"No dia da estréia do filme, convidamos a muitos dos figurantes de Torre Baró ao cinema Aribau de Barcelona, mas ao voltar a casa, tiveram que entrar com a luz dos móveis porque lhes tinham roubado o tendido elétrico. Estiveram 20 dias sem luz", evoca Marcel Barrena, diretor do 47. "No bairro segue tendo problemas com os autocarros a demanda ou partilhas que não chegam. Há muitas coisas ainda por arranjar", prossegue.
O 47, premiada com oito prêmios Gaudí e cinco Goya, não é só um filme sobre um episódio concreto do passado. Barrena descreve-a como "um jogo de espelhos entre então e agora", um reflexo de problemáticas que seguem vigentes na actualidade.
"O direito à moradia digna é um problema"

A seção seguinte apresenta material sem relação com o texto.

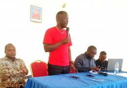 Mwenyekiti wa halmashauri ya wilaya ya Kyela Mheshimiwa Katule G.Kingamkono akiwa anazungumza na watenda kazi ya anwani ya makazi.

A história de Manolo Vital, o emigrante extremeño que modificou o percurso de seu autocarro faz justo 47 anos para fazer mais acessível Torre Baró, ressoa com a crise da moradia que afecta a milhares de pessoas em Espanha na actualidade. "É uma história do 78, mas também é uma história do 25", remarca o cineasta a Consumidor Global.
"O direito à moradia digna é um problema enorme em Espanha. A gente não pode emanciparse, muitos casais não podem se separar porque não podem pagar um aluguer", enfatiza Barrena. "Toda esta gente que defende a Constituição acima de todo e não a cumpre é curioso. Ademais, é um filme que trata sobre como recebemos aos que mais o precisam, que são os que são expulsos de sua terra", sublinha.
Como foi rodar em Torre Baró
O rodaje em Torre Baró foi, em palavras do diretor, uma "maravilha". Ainda que a maior parte do filme filmou-se em outras localizações devido às mudanças urbanas que tem experimentado o bairro, a equipa rodou em lugares emblemáticos como a casa de Manolo Vital e Carme Vila, interpretados por Eduard Fernández e Clara Segura, respectivamente.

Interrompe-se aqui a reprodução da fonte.